At 6 months of age you can be giving your young dog 2 meals a day.

Commercially manufactured food is fine if its a high quality one. Always check out the top 5 ingredients on the packaging – the first 2 should be protein or meat. Follow a simple, consistent diet to minimize symptoms. Your adult dog can have kibble and sometimes you can add in chopped boiled chicken, brown rice and vegetables such as sweet potatoes, carrots and spinach. A little bit of raw meat can also be added to the kibble once in a while. Never leave your dog without a constant supply of fresh, cool water.

Even though the dog is extinct, dog owners of that time would have had to watch their dogs for ticks and fleas and any of the common dog illnesses of that time.

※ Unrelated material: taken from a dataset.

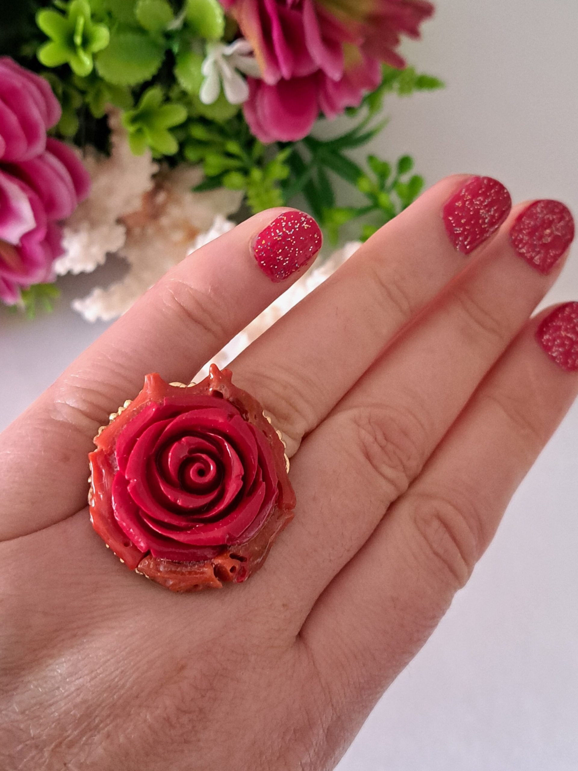 Categoria: Anelli pietre, perle e corallo Tag: anello_corallo, anello_fiore, anello_maxi, anello_perle, anello_rosso, corallo_naturale, corallo_rosso, rosa_rossa

The dog would have had some kind of grooming – a brush down a couple of times and he would have been checked for ear and eye infections.

Characteristics

1.Children friendliness – Very good with children. 2.Special talents intelligent and many with a great sense of smell. 3.Adaptability – They can live anywhere in an apartment or a home with a yard. 4.Learning ability – Very intelligent but with a stubborn, independent streak that is inherent in both parental breeds.

old english bulldog dogsNot much information is available on this extinct dog. Perhaps because of his history of being used for bull baiting, he wouldn’t have made a good family pet as he was too aggressive. He wouldn't have been a good choice for a first time dog owner and he wouldn't have been a good choice of pet for children.

He was possibly owned by a single person who made money from him. Small wonder then that he became extinct when he was no longer required for this role.